Demand for minimization of extended pay following the manufacture of medicines
1st trial “cerebral hemorrhage in pursuit of work perfection”

After working as a pharmacist for about 1 year and 6 months, Mr. A moved to a general hospital in Dangjin, Chungcheongnam-do, as a short-term contract drug manager. However, in January of the following year, a month after getting a job, I accidentally dispensed the wrong medicine and handed it to patient B.

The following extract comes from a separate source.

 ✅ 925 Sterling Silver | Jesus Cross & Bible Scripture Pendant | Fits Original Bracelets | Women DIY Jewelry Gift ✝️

Recognizing this a day later, Mr. A went to visit Mr. B’s spouse, returned the wrongly prescribed medicine, and delivered a new one. In the process, Mr. A stumbled and fell, and Mr. B’s spouse raised him up. Even after the medication was mismanufactured, Mr. A suffered from stress from work. The hospital asked Mr. A to come up with a plan to minimize overtime pay for the pharmaceutical department staff. Also, outside of working hours, I was thinking about ways to improve the drug system, but in the process, I had a conflict with the nursing department.

A, who had a headache after changing jobs, was treated at an oriental clinic on January 31 of the same year. But the next day, after returning to work as usual, he collapsed at home. The husband who found Mr. A immediately called an ambulance and was taken to the hospital, but he died 10 days later. Cerebral edema due to unspecified subarachnoid hemorrhage was the cause of death.

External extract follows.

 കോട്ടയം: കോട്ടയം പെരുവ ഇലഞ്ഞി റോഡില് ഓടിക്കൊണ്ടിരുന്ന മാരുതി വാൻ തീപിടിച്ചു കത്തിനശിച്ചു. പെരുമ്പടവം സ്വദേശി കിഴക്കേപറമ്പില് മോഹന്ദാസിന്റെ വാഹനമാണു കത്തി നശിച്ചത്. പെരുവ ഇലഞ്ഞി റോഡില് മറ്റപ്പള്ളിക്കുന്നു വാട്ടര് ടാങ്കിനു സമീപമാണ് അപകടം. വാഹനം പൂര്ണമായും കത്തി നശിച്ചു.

The bereaved family claimed to be a work-related accident due to stress and applied to the Corporation for payment of the survivor’s pension and funeral expenses, but was rejected because there were no objective work-related burden factors. The family then filed a lawsuit in August 2019.

The first trial ruled in favor of the bereaved family, saying that it was a work-related accident. The court said, “A considerable causal relationship between death and work is recognized as it is judged that Mr.

Representative “Judgment reflecting individual stressors”

In particular, it is believed that the hospital’s request for a ‘minimization of overtime pay’ may have affected the stress. The court explained, “The hospital’s request is contrary to the interests of the staff, so it seems that Mr. A needed to persuade and adjust the staff.” The idea is that, despite his short career, he must have been under a lot of stress as the general manager of the pharmaceutical department.

Fear of adverse effects on performance evaluation due to mismanufacturing of medicines and stress related to preparing medicines and system improvement measures were also cited as grounds for recognizing occupational accidents. In addition, the fact that there was no cerebrovascular disease was also a factor.

On the other hand, the appeals court dismissed the family’s claim, saying that it is difficult to believe that mental stress caused the brain hemorrhage. The court found that it was difficult to say that he suffered from heavy workload as his working hours were only about 40 hours a week on average for the four weeks before the accident.

However, the Supreme Court overturned the appeal, saying that a significant causal relationship between work and death was recognized. The court said, “Mr. A’s existing disease abruptly deteriorated beyond the natural progression due to stress caused by changes in the work environment from having a risk factor for cerebral aneurysm to a position in charge of the pharmaceutical department, maintenance of the pharmaceutical department, and mismanufacturing accidents, etc. There is room to be regarded as a cause of death due to a subarachnoid hemorrhage.”

Lawyers Yong-Jun Kim and Wi-Jeong Kim (law firm pick-up) who represented the family of Mr. A said, “It is not a judgment that corrects the original judgment, which was wrongly judged, even though it is not to judge the relevance of work based only on working hours and actual disadvantages.” It is significant that we have concluded on cerebrovascular disease.”